Publications

RNAcare: integrating clinical data with transcriptomic evidence using rheumatoid arthritis as a case study

Authors: Mingcan Tang, William Haese-Hill, Fraser Morton, Carl Goodyear, Duncan Porter, Stefan Siebert, Thomas D Otto

BMC Medical Genomics •

Gene expression analysis is a crucial tool for uncovering the biological mechanisms that underlie differences between patient subgroups, offering insights that can inform clinical decisions. However, despite its potential, gene expression analysis remains challenging for clinicians due to the specialised skills required to access, integrate, and analyse large datasets. Existing tools primarily focus on RNA-Seq data analysis, providing user-friendly interfaces but often falling short in several critical areas: they typically do not integrate clinical data, lack support for patient-specific analyses, and offer limited flexibility in exploring relationships between gene expression and clinical outcomes in disease cohorts. Users, including clinicians with a general knowledge of transcriptomics, however, who may have limited programming experience, are increasingly seeking tools that go beyond traditional analysis. To overcome these issues, computational tools must incorporate advanced techniques, such as machine learning, to better understand how gene expression correlates with patient symptoms of interest.
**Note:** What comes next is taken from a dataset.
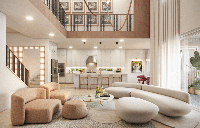 This double-height room embraces open-plan living with a sense of vertical grandeur and airiness. Its

paraCell: a novel software tool for the interactive analysis and visualization of standard and dual host–parasite single-cell RNA-seq data

Authors: Edward Agboraw, William Haese-Hill, Franziska Hentzschel, Emma Briggs, Dana Aghabi, Anna Heawood, Clare R Harding, Brian Shiels, Kathryn Crouch, Domenico Somma, Thomas D Otto

Nucleic Acids Research •

Advances in sequencing technology have led to a dramatic increase in the number of single-cell transcriptomic datasets. In the field of parasitology, these datasets typically describe the gene expression patterns of a given parasite species at the single-cell level under experimental conditions, in specific hosts or tissues, or at different life cycle stages. However, while this wealth of available data represents a significant resource, analysing these datasets often requires expert computational skills, preventing a considerable proportion of the parasitology community from meaningfully integrating existing single-cell data into their work. Here, we present paraCell, a novel software tool that allows the user to visualize and analyse pre-loaded single-cell data without requiring any programming ability. The source code is free to allow remote installation. On our web server, we demonstrated how to visualize and re-analyse published Plasmodium and Trypanosoma datasets. We have also generated Toxoplasma–mouse and Theileria–cow scRNA-seq datasets to highlight the functionality of paraCell for pathogen–host interaction. The analysis of the data highlights the impact of the host interferon-γ response and gene expression profiles associated with disease susceptibility by these intracellular parasites, respectively.

Annotation and visualization of parasite, fungi and arthropod genomes with Companion

Authors: William Haese-Hill, Kathryn Crouch, Thomas D Otto

Nucleic Acids Research •

As sequencing genomes has become increasingly popular, the need for annotation of the resulting assemblies is growing. Structural and functional annotation is still challenging as it includes finding the correct gene sequences, annotating other elements such as RNA and being able to submit those data to databases to share it with the community. Compared to de novo assembly where contiguous chromosomes are a sign of high quality, it is difficult to visualize and assess the quality of annotation. We developed the Companion web server to allow non-experts to annotate their genome using a reference-based method, enabling them to assess the output before submitting to public databases. In this update paper, we describe how we have included novel methods for gene finding and made the Companion server more efficient for annotation of genomes of up to 1 Gb in size. The reference set was increased to include genomes of interest for human and animal health from the fungi and arthropod kingdoms. We show that Companion outperforms existing comparable tools where closely related references are available.

peaks2utr: a robust Python tool for the annotation of 3′ UTRs

Authors: William Haese-Hill, Kathryn Crouch, Thomas D Otto

Bioinformatics •

Annotation of nonmodel organisms is an open problem, especially the detection of untranslated regions (UTRs). Correct annotation of UTRs is crucial in transcriptomic analysis to accurately capture the expression of each gene yet is mostly overlooked in annotation pipelines. Here we present peaks2utr, an easy-to-use Python command line tool that uses the UTR enrichment of single-cell technologies, such as 10× Chromium, to accurately annotate 3′ UTRs for a given canonical annotation.